Así, desde el siglo XV circulaba ya en Europa la idea de que la arquitectura servía como instrumento para confirmar el estatus del constructor en la sociedad y la autoridad constituida del Estado. Nicolás V en su discurso antes de morir asentó que los edificios nobles que combinaban gusto y belleza con proporciones imponentes podían aumentar el respeto del público por la Iglesia en general.

El concepto de magnificencia se convirtió en la razón más citada para construir en la Italia del siglo XV. Esta posición fue tomada también por los humanistas, pues concordaban con que los grandes hombres debían dejar una reputación no sólo de sabiduría, sino de poder: “for this reason we erect great structures, that our prosperity may suppose us to have been great persons”. La construcción podía entenderse como la expresión apropiada de las cualidades internas, un acto moral como la medida de un hombre: “the magnificence of a building should be adapted to the dignity of the owner”.

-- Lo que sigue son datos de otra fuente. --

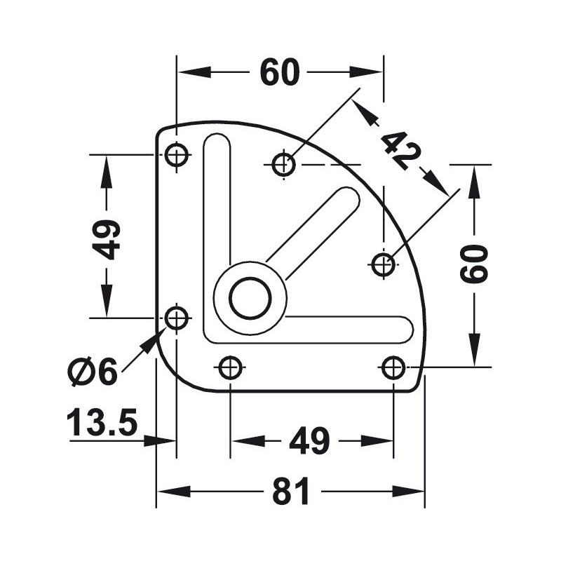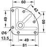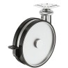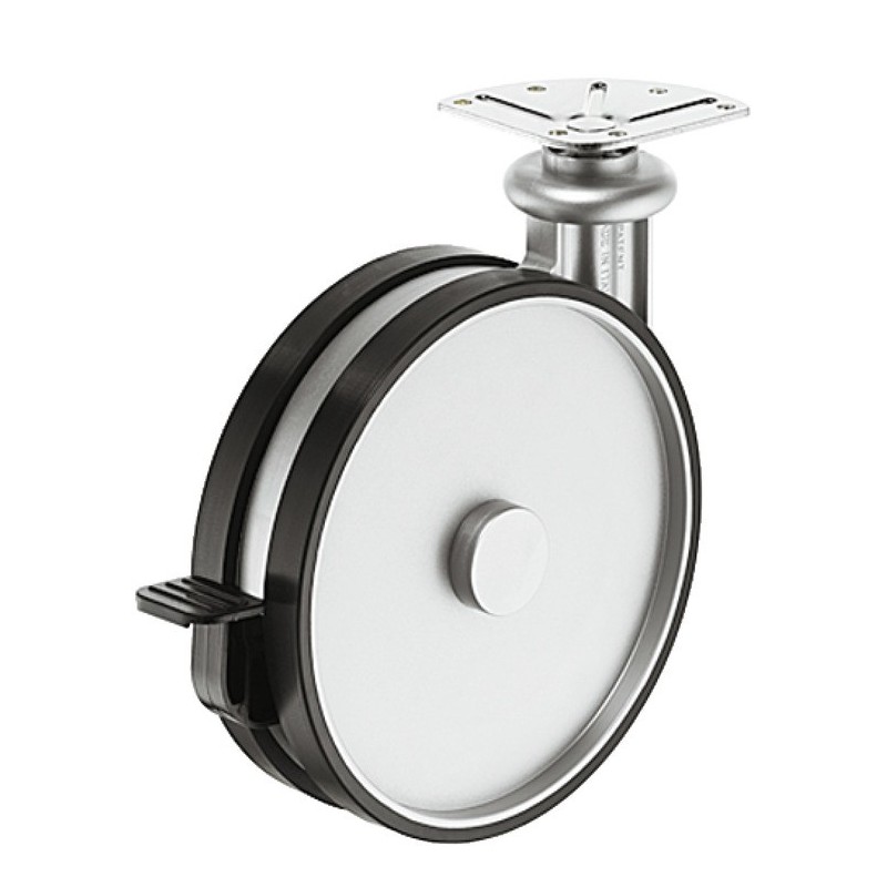 Flott møbelhjul i et aluminiumsfarget hus med hjul og bremser i svart plast. Dette hjulet er styrbart og kommer med bremsen og en trekantet monteringsplate som monteres med 6 skruer.
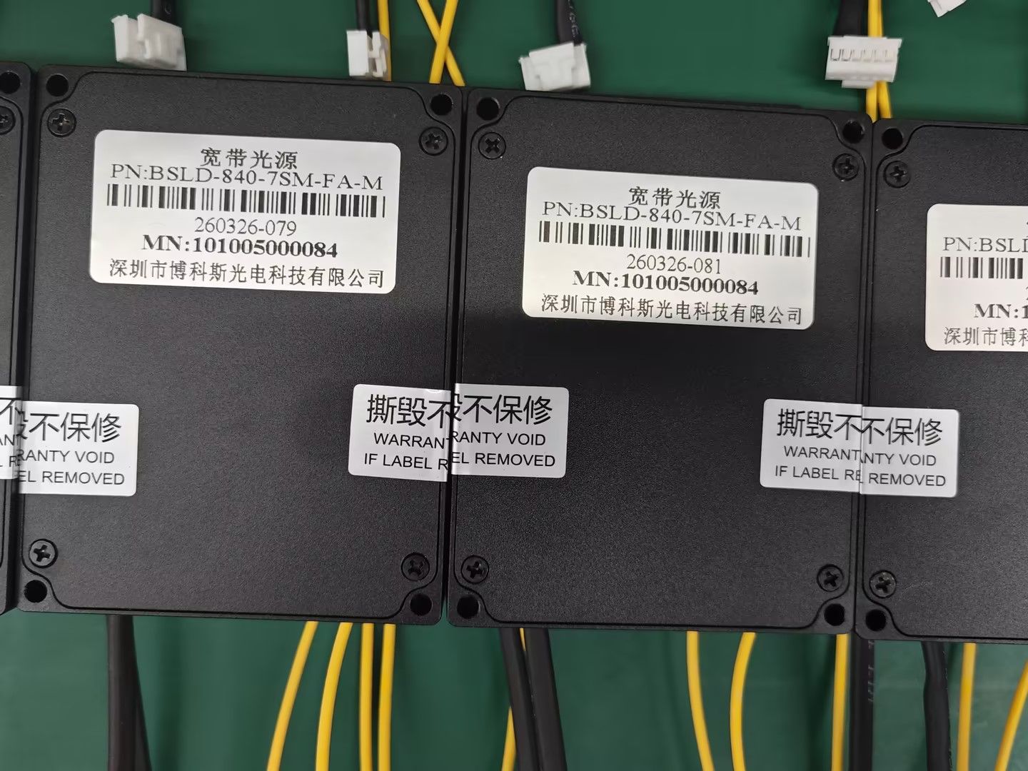 ● Pangunahing Produkto:Ang mga broadband light source module na ipinadala sa oras na ito ay modeloBSLD-840-7SM-FA-M, na nagtatampok ng malawak na spectral na output, mataas na power stability, at mababang polarization-dependent loss, na ginagawa itong perpekto para sa mga application tulad ng fiber optic sensing, optical testing, at biomedicine.
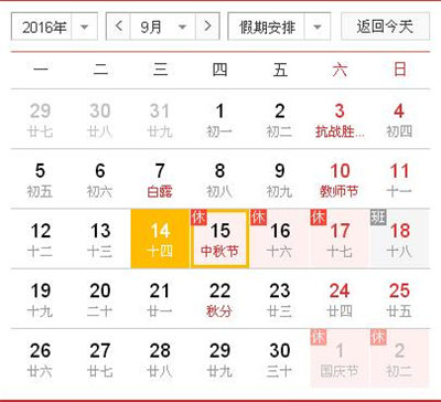 根據《國務院辦公廳關于2016年部分節假日安排的通知》和省政府辦公廳有關通知精神,2016年中秋節放假日期新鄉市天豐振動機械有限公司具體安排如下:9月15日至17日放假調休,共3天。9月18日(星期日)上班。
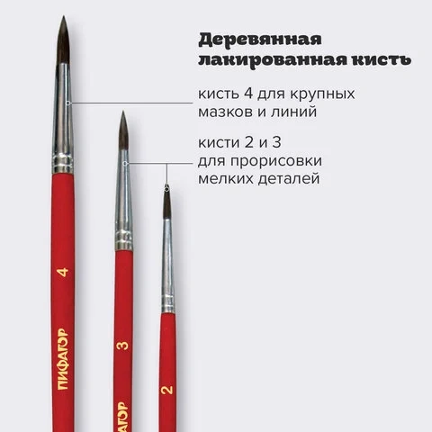Кисти из волоса пони отлично впитывают и отдают краску, хорошо держат форму, долговечны и надежны. Благодаря кистям № 2 и 3 ребенку будет комфортно прорисовывать мелкие детали. Кисть № 4 позволит делать более крупные мазки и линии. Деревянную лакированную рукоятку кисти удобно держать в руке.
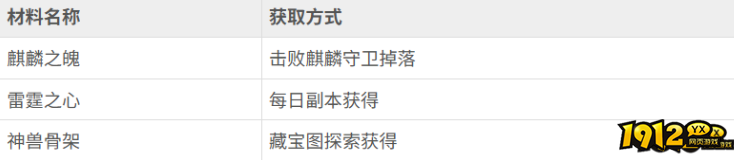 以下是获取麒麟所需的主要材料及其获取方式:
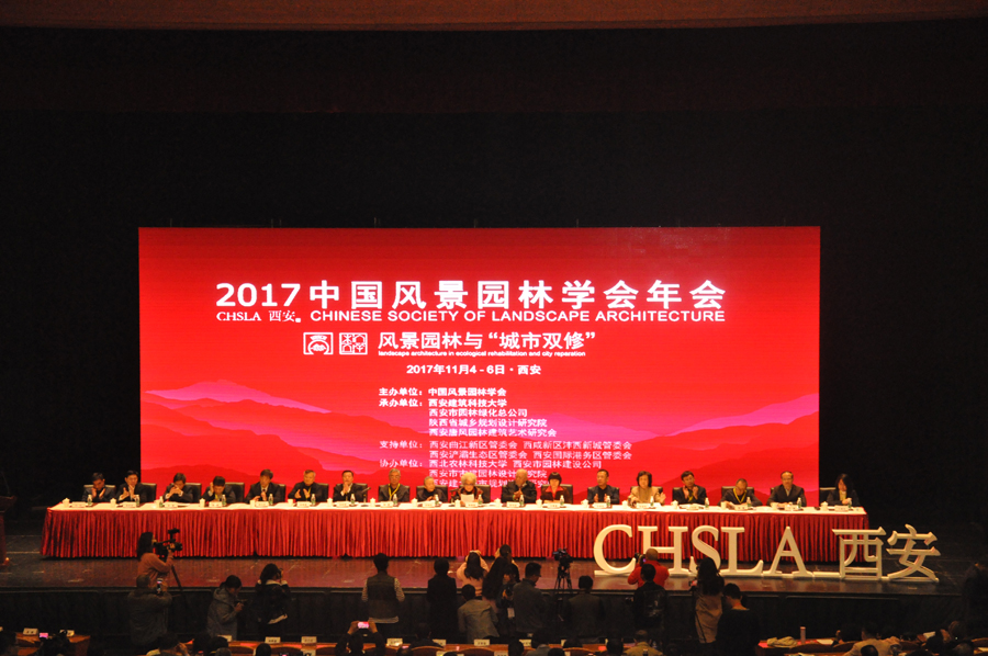 2017中国风景园林学会年会11月4日在西安曲江国际会议中心开幕。来自国内外知名学者专家在此次年会上围绕风景园林与“城市双修”展开研究和探讨。永利集团304环境设计系副系主任闫杰及李皓、乔治、魏琰四位老师应邀参加本次年会活动,并共同参加了本次活动分论坛的报告及学术讨论。通过参加本次年会活动,环艺系教师与同济大学风景园林系、西安建筑科技大学环境设计系、昆明理工大学风景园林系等相关专家级骨干教师商定学术交流的事宜,同时也初步商定2018年5月邀请同济大学风景园林系博士生导师王云才教授来我校作学术报告。

Para Palmieri, aquel que quisiera construir una casa parecida a las magníficas residencias de los nobles ciudadanos merecería la vergüenza si antes no alcanzaba o superaba su virtud. Éste es el imperativo del mecenazgo arquitectónico en que creían los escritores italianos del siglo XV. Estas ideas no sólo circulaban e Italia, sino en toda Europa y eran conocidas en los círculos intelectuales y aristocráticos. Incluso, ya en este siglo se sentaron también las bases que justificaban y exaltaban el mecenazgo artístico: Vespasiano da Bisticci da por hecho que los grandes y prominentes hombres son patronos de las artes, en especial de la arquitectura. Tal es el caso de Cosimo de Medici, considerado un gran hombre y un gran constructor.

Giovanni Rucellai afirmaba que hay dos cosas principales que los hombres hacen en esta vida: una es procrear y la otra es construir. Además, la magnificencia implicaba que el patrón tuviera una sensibilidad estética y conocimiento de arquitectura. Hay que recordar que era el patrón quien tomaba decisiones fundamentales sobre la obra. Es decir, en la práctica artística de aquellos tiempos la decisión final sobre el objeto recaía en el patrón, el que pagaba la obra y no en el artista, por lo que los mecenas tenían un gran control sobre lo que encargaban.

El ímpetu del mecenazgo así entendido es tal que la biología del evento artístico tendría en el lado paterno al patrón, al iniciador de la obra y, en el lado materno al artista. Razón por la cual el nombre del artista no aparece en la obra, pero sí aparece el del padre tal como lo indican las inscripciones: fiere fecit y is perfecit opus.

De hecho, en el tratado de Filarete queda asentado que la construcción es el producto de una suerte de matrimonio entre el patrón y el arquitecto. Esta tradición continuó en Italia durante el Renacimiento y el Barroco y de alguna manera permeó en otros países europeos.